Writer Steven Soderbergh
Release 2002
Notes We favour the 2002 which, though slightly more sentimental than its intellectually stimulating but hard-going Russian predecessor, comes in at half the length: an hour-and-a-half compared to more than three hours.
COMMENTS
Silent Running
You put Zardoz in there but missed Silent Running?
Zardoz is terrible. Watched it a few months back and aside from some neat ideas and imagery its actually one of the worst films I have ever seen. A film so bad it actually hurts.
It's essentially takes what would make a good Doctor Who or Blakes 7 story and turns it into the longest 100 or so minutes of your life.
I wanted to like it, there of bits of it that I think are really quite good, but it's just a confused po-faced mess that gets worse as the movie progresses.
That said, you can pick Zardoz up for pennies on Amazon so if you are interested in such things (as I am) at least you don't have to pay through the nose to get a copy. Think mine literally cost me a few pence + the postage!
Oh, and one other thing: Dark Star
Dark Star was the first movie to show the non-utopian(*) version of the Sci-Fi space travel future: bored, lonely people in a cramped uncomfortable dirty spaceship with everything breaking down and going wrong and a disinterested planet Earth back home cutting off their funding.
(*) - Yes, I mean non-utopian as opposed to dystopian. I'm treating topianity as (at least) three-valued, and I don't think it's really about a dystopia
Strange Days
Bit of an underappreciated classic methinks. Directed by Katherine Bigelow who got the rights as part of her divorce settlement with James Cameron who wrote the script. It has dated a bit because they chose to set it in 2000 and the technology seems to involve MiniDiscs; but the idea of people recording their experiences seems somewhat prescient in the era of Google Glass.

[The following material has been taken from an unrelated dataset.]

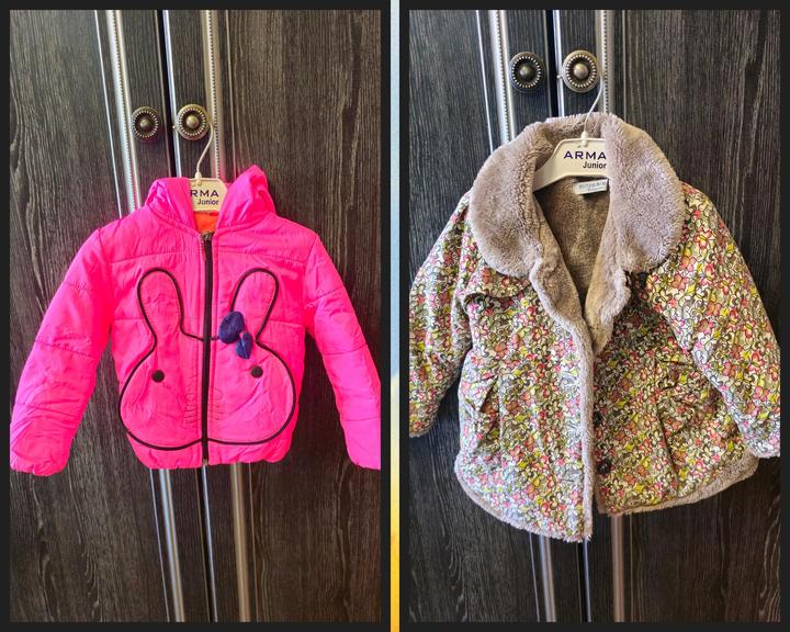 2 куртки на девочку Коричневая потеплее на рост 86 Розовая потоньше и немного меньше, написан на ней 28 рр 5000 за 2 куртки Артикул: 576757

The opening POV robbery is a work of genius and it has the amazing Angela Bassett as one of Cameron's strong female roles. There are a couple of incredibly violent scenes, including a rape, which some people might find too much.
Re: Wot, no Avatar?
I remember seeing Leslie Neilsen interviewed about his career. One of the things touched on was Forbidden Planet. He said that he thought he had it made when he did that. He was the hero, he got the girl, the reviews were good and it sold well. Pretty much everything an actor could ask for to endorse their credentials as a box office draw in a lead role.
He said he sat back and waited for the phone to ring. It never did and to this day he still wonders why it didn't.
I'm with him. I thought he was bloody brilliant in it.
Have to agree with most of these, though Zardoz does look very daft.
I've never watched it all in one sitting.
Have to agree about Star Trek, it's my favourite Trek film (providing you fast forward through the 'look at the cool spaceship' scenes).
What about 'Moon'? That's a corking modern science fiction film.